I've tried taking out resistors from below the switch, adding higher resistor values, using the schematic ScottWang did, but nothing seems to work for me.

I'm sure what you mixed up two ways and what is the real circuit?

There is a problem there and that is the pin 3 Vout will be like as Vout = Vcc - 1.4V = 9V-1.4V=7.6V.
Using cmos type ICM7555 can be reach up to 9V, but the output current will be more less as 0.8 mA.

 

This is the LED I'm trying to use.

Emitted Color: Red
Output Power: 10W
Intensity Typical:900~1000 Lumen
Forward Voltage:9V-12V
Forward Current:900mA
Color Temperature:6000~6500K

 

Concerned about the usage life and brightness of LED, you should using the current less than 80% as 720 mA.
I'm not sure what kind of power are you using (?mA)?
I think you should buy a AC/DC adaptor as 90~245Vac to 12Vdc/1.5A or 2A.

I will redraw the circuit.

 

Concerned about the usage life and brightness of LED, you should using the current less than 80% as 720 mA.
I'm not sure what kind of power are you using (?mA)?
I think you should buy a AC/DC adaptor as 90~245Vac to 12Vdc/1.5A or 2A.

I will redraw the circuit.

I used a 120v ac/dc power supply 12vdc 2.1amp to do my testing. I plan to use 12.5vAC that I have available and can convert to dc hopefully. The LED will be used in a flash situation so the on time will not be very long. The LED seemed to be bright enough at 8.5 volts. I'd like to run it at around 8.5 v. Anything over 9.5v might cause it to heat up and anything below might not light it enough. Thanks for your help.

 

I was attached two circuits, the one is use BJT and another one is use N ch mosfet IRF540, if you want to use n mosfet and you could get the Rds lower than IRF540, it's better.

I was assumed that the Vcc is 12V and the current draw of led is 720 mA, Vce=0.2V, Vbe=0.7V, Vds of mosfet as 0V(when it turn on), so if you want to change anything then you can according to the condition to recalculate the values of resistor, the Zener Zd1 was designed to protecting the Vgs if it has any high voltage input.
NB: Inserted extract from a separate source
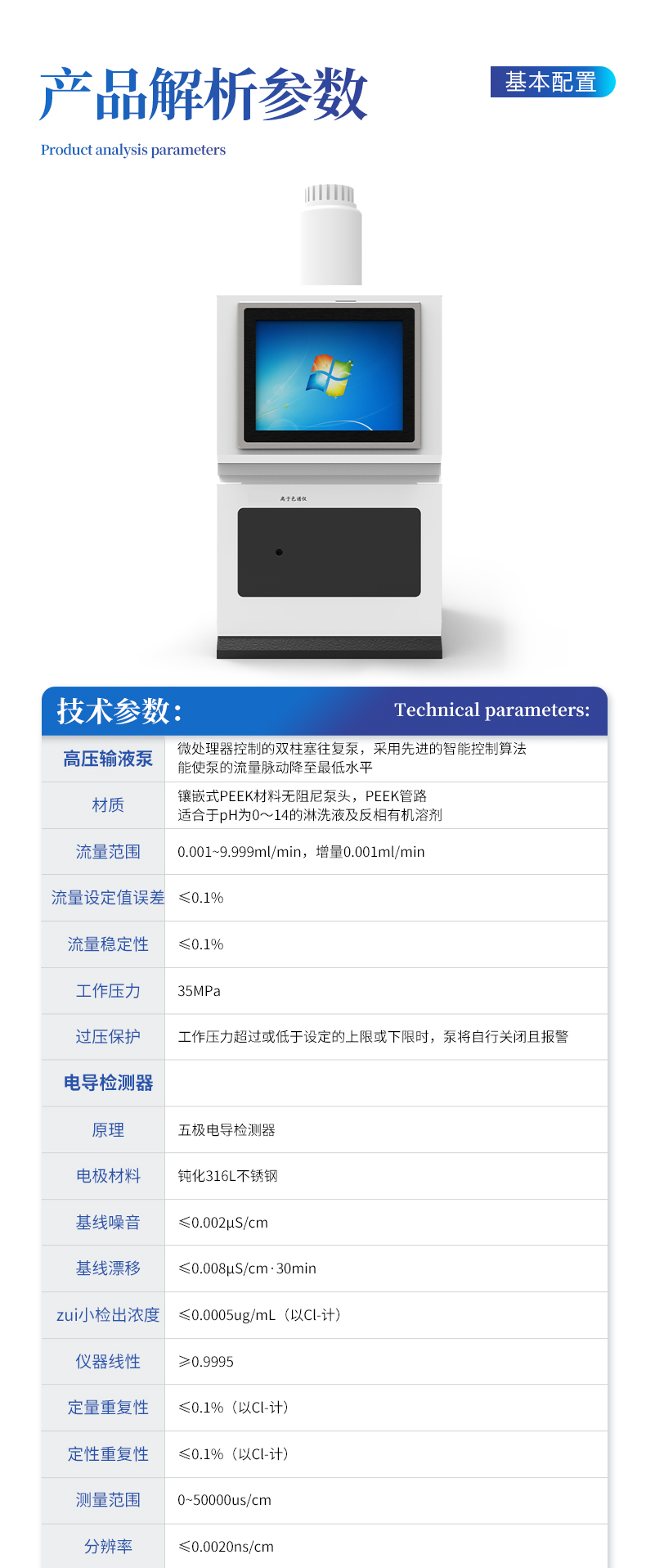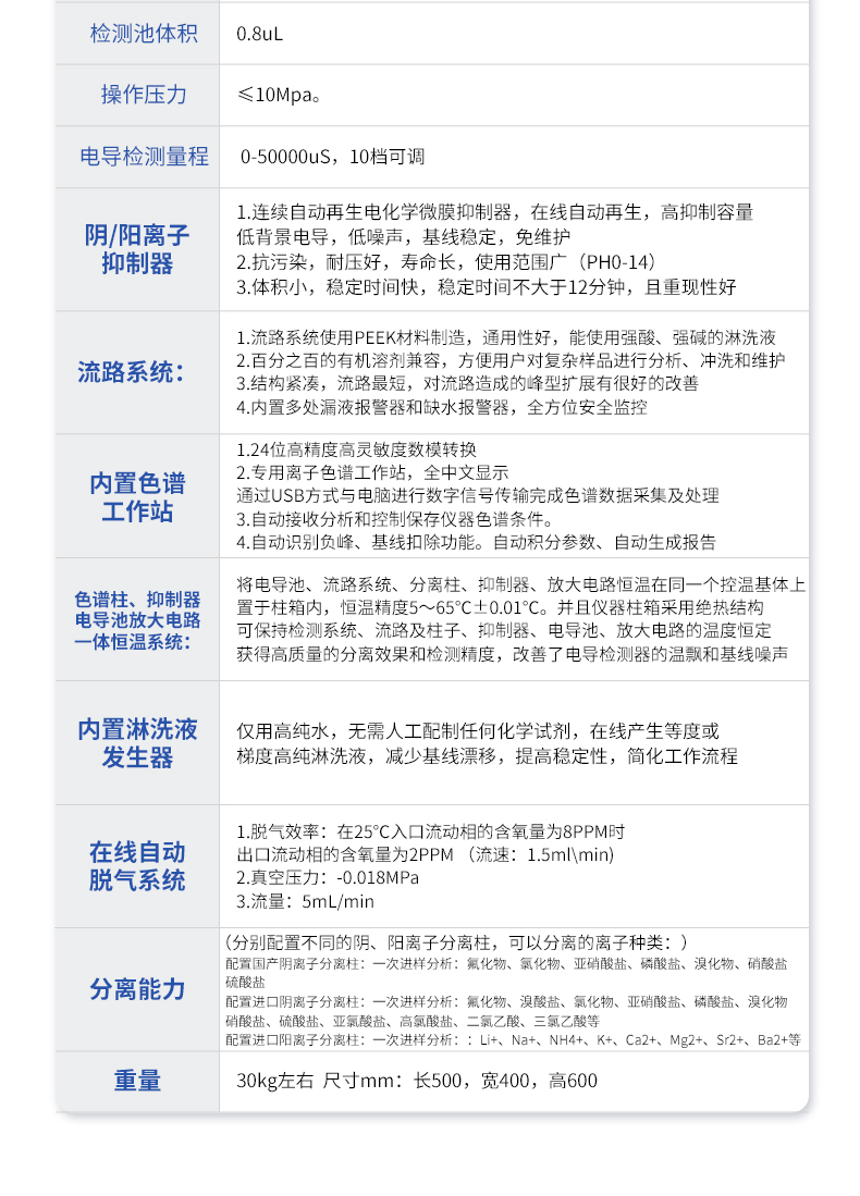 微處理器控制的雙柱塞往復(fù)泵,采用**的智能控制算法,能使泵的流量脈動降至**水平。 1.1,材質(zhì):鑲嵌式PEEK材料無阻尼泵頭,PEEK管路,適合于pH為0~14的淋洗液及反相有機溶劑。 1.2,流量范圍:0.001~9.999ml/min,增量0.001ml/min。 1.3,流量設(shè)定值誤差:≤0.1% 1.4,流量穩(wěn)定性:≤0.1% 1.5,工作壓力:35MPa 1.6,過壓保護:工作壓力超過或低于設(shè)定的上限或下限時,泵將自行關(guān)閉且報警。 | 2 電導(dǎo)檢測器: 2.1,原理:五極電導(dǎo)檢測器 2.2,電極材料:鈍化316L不銹鋼 2.3,基線噪音:≤0.002μS/cm 2.4,基線漂移:≤0.008μS/cm·30min 2.5,zui小檢出濃度:≤0.0005ug/mL(以Cl-計) 2.6,儀器線性:≥0.9995 2.7,定量重復(fù)性:≤0.1%(以Cl-計) 2.8,定性重復(fù)性:≤0.1%(以Cl-計) 2.9,測量范圍:0~50000us/cm 2.10,分辨率:≤0.0020ns/cm 2.11,檢測池體積:0.8uL 2.12,操作壓力:≤10Mpa。 2.13,電導(dǎo)檢測量程: 0-50000uS,10檔可調(diào)。 | 3、 陰、陽離子抑制器: 3.1連續(xù)自動再生電化學(xué)微膜抑制器,在線自動再生,高抑制容量,低背景電導(dǎo),低噪聲,基線穩(wěn)定,免維護。 3.2抗污染,耐壓好,壽命長,使用范圍廣(PH0-14)。 3.3體積小,穩(wěn)定時間快,穩(wěn)定時間不大于12分鐘,且重現(xiàn)性好。 | 4 流路系統(tǒng): 4.1流路系統(tǒng)使用PEEK材料制造,通用性好,能使用強酸、強堿的淋洗液。 4.2百分之百的有機溶劑兼容,方便用戶對復(fù)雜樣品進行分析、沖洗和維護。 4.3 結(jié)構(gòu)緊湊,流路*短,對流路造成的峰型擴展有很好的改善。 4.4 內(nèi)置多處漏液報警器和缺水報警器,全方位安全監(jiān)控。 | 5 內(nèi)置色譜工作站: 5.1 24位高精度高靈敏度數(shù)模轉(zhuǎn)換。 5.2專用離子色譜工作站,全中文顯示,通過USB方式與電腦進行數(shù)字信號傳輸,完成色譜數(shù)據(jù)采集及處理。 5.3自動接收分析和控制保存儀器色譜條件。 5.4自動識別負(fù)峰、基線扣除功能。自動積分參數(shù)、自動生成報告。 | 6 色譜柱、抑制器、電導(dǎo)池、放大電路一體恒溫系統(tǒng): 將電導(dǎo)池、流路系統(tǒng)、分離柱、抑制器、放大電路恒溫在同一個控溫基體上置于柱箱內(nèi),恒溫精度5~65℃±0.01℃。并且儀器柱箱采用絕熱結(jié)構(gòu),可保持檢測系統(tǒng)、流路及柱子、抑制器、電導(dǎo)池、放大電路的溫度恒定,獲得高質(zhì)量的分離效果和檢測精度,改善了電導(dǎo)檢測器的溫飄和基線噪聲。 | 7內(nèi)置淋洗液發(fā)生器,僅用高純水,無需人工配制任何化學(xué)試劑,在線產(chǎn)生等度或梯度高純淋洗液,減少基線漂移,提高穩(wěn)定性,簡化工作流程。 | 8 在線自動脫氣系統(tǒng): 1,脫氣效率:在25℃入口流動相的含氧量為8PPM時,出口流動相的含氧量為2PPM (流速:1.5ml\min) 2,真空壓力:-0.018MPa 3,流量:5mL/min | 9 分離能力:(分別配置不同的陰、陽離子分離柱,可以分離的離子種類:) 配置國產(chǎn)陰離子分離柱:一次進樣分析:氟化物、氯化物、亞硝酸鹽、磷酸鹽、溴化物、硝酸鹽、硫酸鹽 配置進口陰離子分離柱:一次進樣分析:氟化物、溴酸鹽、氯化物、亞硝酸鹽、磷酸鹽、溴化物、硝酸鹽、硫酸鹽、亞氯酸鹽、高氯酸鹽、二氯乙酸、三氯乙酸等 配置進口陽離子分離柱:一次進樣分析::Li+、Na+、NH4+、K+、Ca2+、Mg2+、Sr2+、Ba2+等 | 10 重量:30kg左右 尺寸mm:長500,寬400,高600 |

And the current from pin 3 of Ne555 is 7.2 mA, and Ic2 of Q2 is 72 mA, the IC3 of Q3 is 720 mA, and the LED count it as 8.5V/720 mA, the pratical wattage of resistor is counts at least 4 times of calculation values.

 

Awesome. I'll try them out. Thanks for doing that. Maybe I can get it right. I'll let you know what happens.

 

I was forgot those two diodes 1N4007 are used for another application of lower current, here is the new circuit.

 

Just a couple of questions. Are the Rc2 just a 150 ohm 5watt resistor? Rb2 says 1.2k which I assume is a 1.2k resistor but I don't understand +180. Rc3 looks like a 5ohm 15watt resistor. Am I assuming correctly ? Thanks for your help.

 

RC2 = 150Ω/5W
RC3 = 5Ω/15W
Rb2 = 1.2 K+180Ω=1.38K

Because I can't find a properly values for the Rb2 resistor, so it used two resistor in series.

 

RC2 = 150Ω/5W
RC3 = 5Ω/15W
Rb2 = 1.2 K+180Ω=1.38K

Because I can't find a properly values for the Rb2 resistor, so it used two resistor in series.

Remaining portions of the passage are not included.